An underwriting agency specialising in two-year insurance deals is targeting £25m of business for this year’s professional indemnity insurance (PII) renewal period.

Indemnity Risk Solutions says law firms will be looking for longer-term options in advance of the phasing out next year of the assigned risks pool (ARP).

It claims that longer periods of cover will provide peace of mind for smaller firms that may be worried about securing insurance in 2013.

The firm says there has been a ‘significant level of interest’ for the new policy among small to medium-sized law firms.

Paul Lawrence, managing director of IRS, said: ‘The introduction of a two year professional indemnity policy will enable our customers to focus on their cases, not on the worry of renewing their insurance.

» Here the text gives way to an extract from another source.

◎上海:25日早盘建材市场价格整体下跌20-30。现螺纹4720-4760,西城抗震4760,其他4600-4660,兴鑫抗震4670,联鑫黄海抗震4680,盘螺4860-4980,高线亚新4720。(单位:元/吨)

‘Longer policies will also allow us to build better relationships with our customers and more efficiently handle any claims or issues they have.’

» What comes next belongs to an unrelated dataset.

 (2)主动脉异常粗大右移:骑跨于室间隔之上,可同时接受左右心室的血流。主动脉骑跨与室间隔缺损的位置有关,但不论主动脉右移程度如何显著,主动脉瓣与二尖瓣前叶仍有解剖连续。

From September 2013, the ARP will no longer provide qualifying insurance for firms unable to secure cover on the open market.

From October this year, all policies must provide for a 90-day extension at the end of the insurance period if the insured firm has not taken out a new policy.

Steve Holland, a partner at insurance broker Lockton, said increasing numbers of solicitor firms are looking for longer cover to ease any concerns over uncertainty in 2013. However he warned that long-term policies come with conditions. ‘Insurers will guarantee either the premium – or rate – but subject to caveats related to growth in fees and claims performance, which if exceeded can break a long-term policy,’ he said.

‘These types of long-term policies do offer some attraction as they give certainty for budgeting purposes, however they need to be considered in light of the market conditions and how the premium compares with the current market rate.’

Holland added that new market entrants will generate more competition, particularly at the smaller end of the profession, but warned law firms not to choose an insurance provider solely on the basis of price.

‘They also need to weigh up the price of continuity – as they might have built up a relationship with their current insurer and a bank of premium over several years, and these advantages need to be considered.’